モノレールの軌道が飛び出している解体前の公団住宅(筆者撮影)

石見は姫路駅を中心とした市街地の活性化にも着手。応急処置的な駅を改築し、新たに駅ビルを併設。こうして駅を中心に繁華街が形成されていった。

着々と大姫路を実現していた石見だったが、その夢は1967年についえる。急速にインフラ整備をしたツケが、市の財政を圧迫。これが大きな影を落とし、石見は市長選で落選した。これにより、石見の肝いり政策だった姫路モノレールは1974年に運行を休止。そのまま廃線に追い込まれた。

鉄道の要衝としてさらに発展

石見市政に終止符が打たれたものの、姫路駅はその後も鉄道の要衝地として発展していく。1972年、山陽新幹線の新大阪駅―岡山駅間が開業。当初、国鉄当局は神戸駅にひかりを停車させるため、同じ兵庫県の姫路駅はひかりを通過させる方針だった。しかし、姫路政財界の強い要望により、一部のひかりが停車するダイヤに変更された。

一般公開された大将軍駅の改札(筆者撮影)
大将軍駅の駅名標(筆者撮影)

1987年には駅の高架化が決まり、約20年をかけて駅舎改築と高架化工事は進められた。2006年に山陽本線、2008年に播但線と姫新線が高架へと切り替わり、駅舎も4代目へリニューアル。南北の駅前広場も装いを新たにした。
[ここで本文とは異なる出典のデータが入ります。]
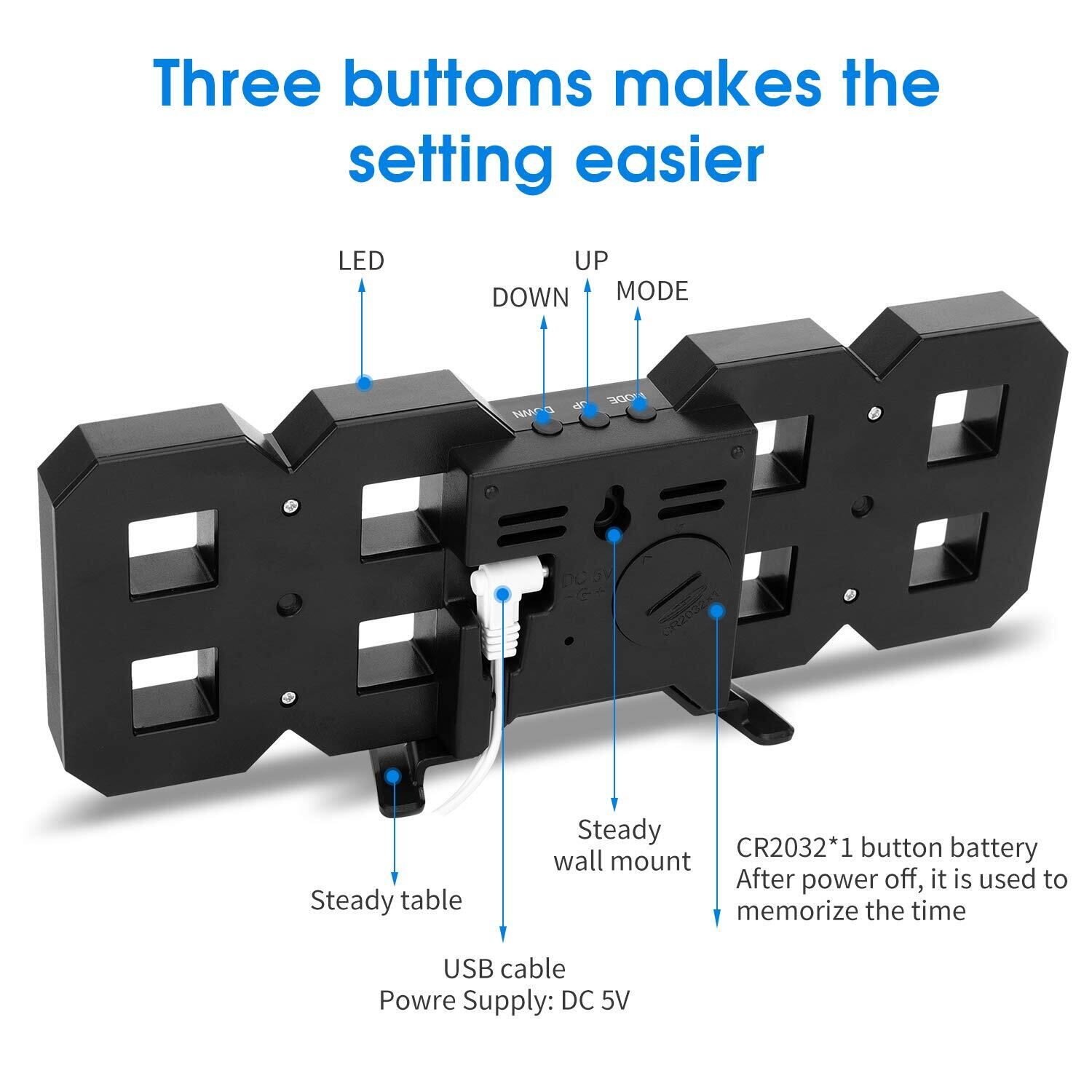 CENTOLLA 3D LEDデジタル目覚まし時計 壁掛け時計 3つの調整可能な明るさレベルを備えた

大姫路の夢は絶たれたものの、姫路駅を中心に求心力を高める姫路市は、現在も政令指定都市への昇格を目指して歩を進めている。

2016年、大姫路に向かって走り続けた石見の夢の跡ともいえる大将軍駅が、公団住宅の取り壊しに伴って解体された。モノレールの最後の姿を目に焼きつけてもらおうと、姫路市は遺構として残っていた大将軍駅の内部を一般公開。くしくも、大将軍駅の一般公開を決めた姫路市長は石見の息子・利勝だった。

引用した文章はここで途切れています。